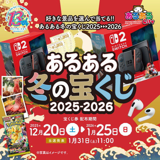 期間中、あるあるCity館内でのお買い物額2,000円(税込・レシート合算不可)毎に豪華賞品が当たるスクラッチカード1枚プレゼント
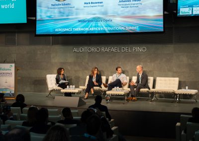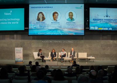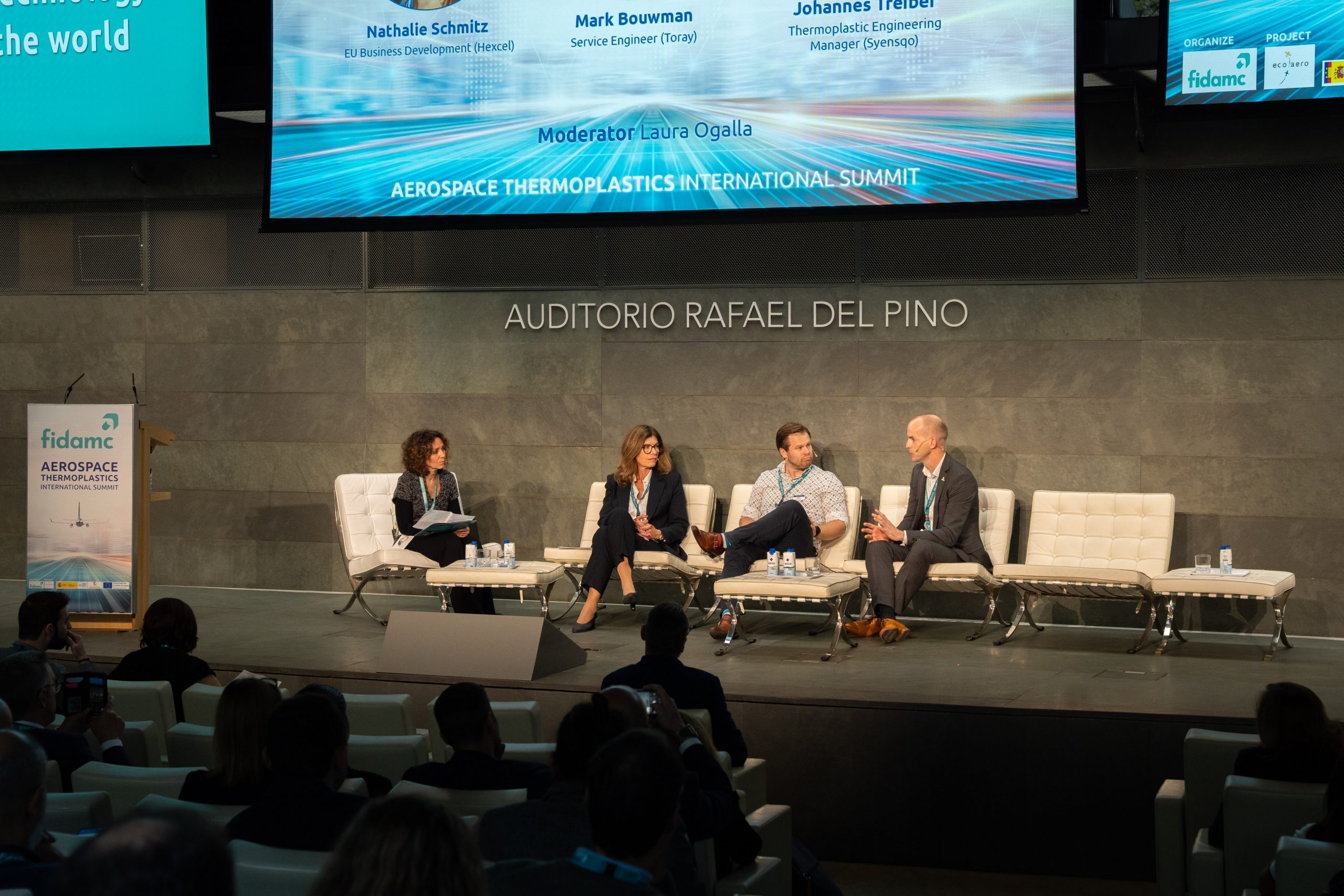 La quinta mesa redonda del Aerospace Thermoplastics International Summit reunió a tres referentes de la industria de materiales avanzados: Nathalie Schmitz (EU Business Development – Hexcel), Mark Bouwman (Service Engineer – Toray) y Johannes Treiber (Thermoplastic Engineering Manager – Syensqo). El debate, moderado por Laura Ogalla Escolano, Senior Project Manager de Fidamc, giró en torno a los desafíos y oportunidades de la innovación en materiales termoplásticos dentro del sector aeroespacial.
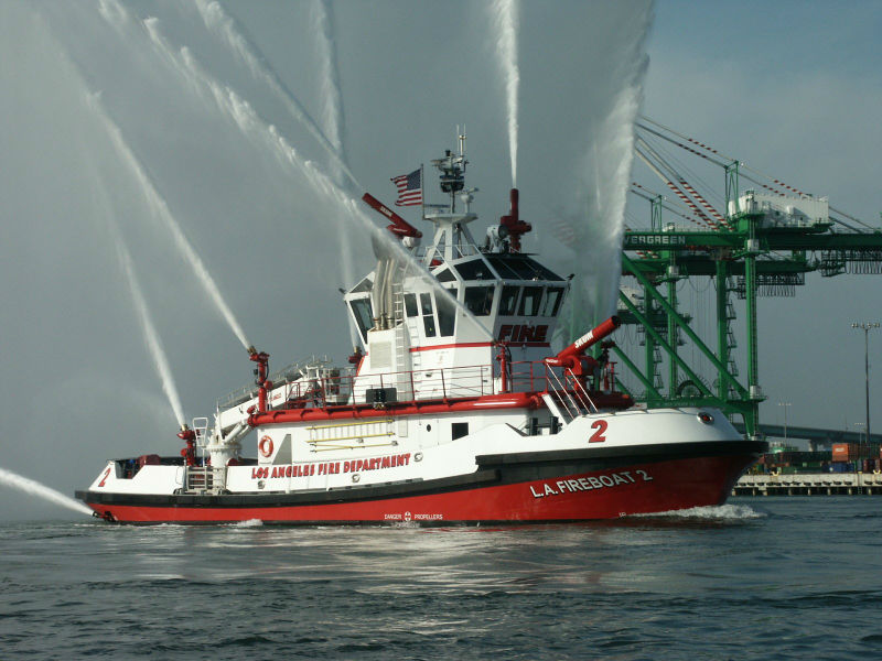 This fire boat was built under yard no S143 by Nichols Brothers Boat Builders, Freeland, Wa. For the Los Angles Port.
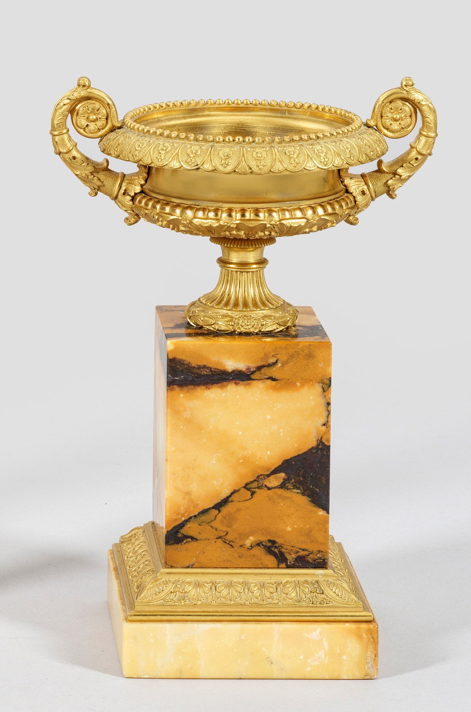 Bronze, vergoldet sowie karamellfarbener, bordeauxrot und weiß gemaserter Marmor. Über quadratischer Plinthe mit umlaufendem Palmettenfries hoher, gekanteter Sockel. Oberhalb davon ausgehend vasenförmiger Schalenaufsatz mit plastisch gestaltetem Akanthusblatt und weit ausschwingendem Lippenrand. Seitlich stark geschwungene Henkel aus eingerollten Voluten. H. 28 cm.

ABOUT THIS EXERCISE:
Any picture in the listing is to be omitted. Return exactly the lines from the one containing "This fire boat" through its last line, both included, and only those.

YOUR SOLUTION:
 This fire boat was built under yard no S143 by Nichols Brothers Boat Builders, Freeland, Wa. For the Los Angles Port.
 Bronze, vergoldet sowie karamellfarbener, bordeauxrot und weiß gemaserter Marmor. Über quadratischer Plinthe mit umlaufendem Palmettenfries hoher, gekanteter Sockel. Oberhalb davon ausgehend vasenförmiger Schalenaufsatz mit plastisch gestaltetem Akanthusblatt und weit ausschwingendem Lippenrand. Seitlich stark geschwungene Henkel aus eingerollten Voluten. H. 28 cm.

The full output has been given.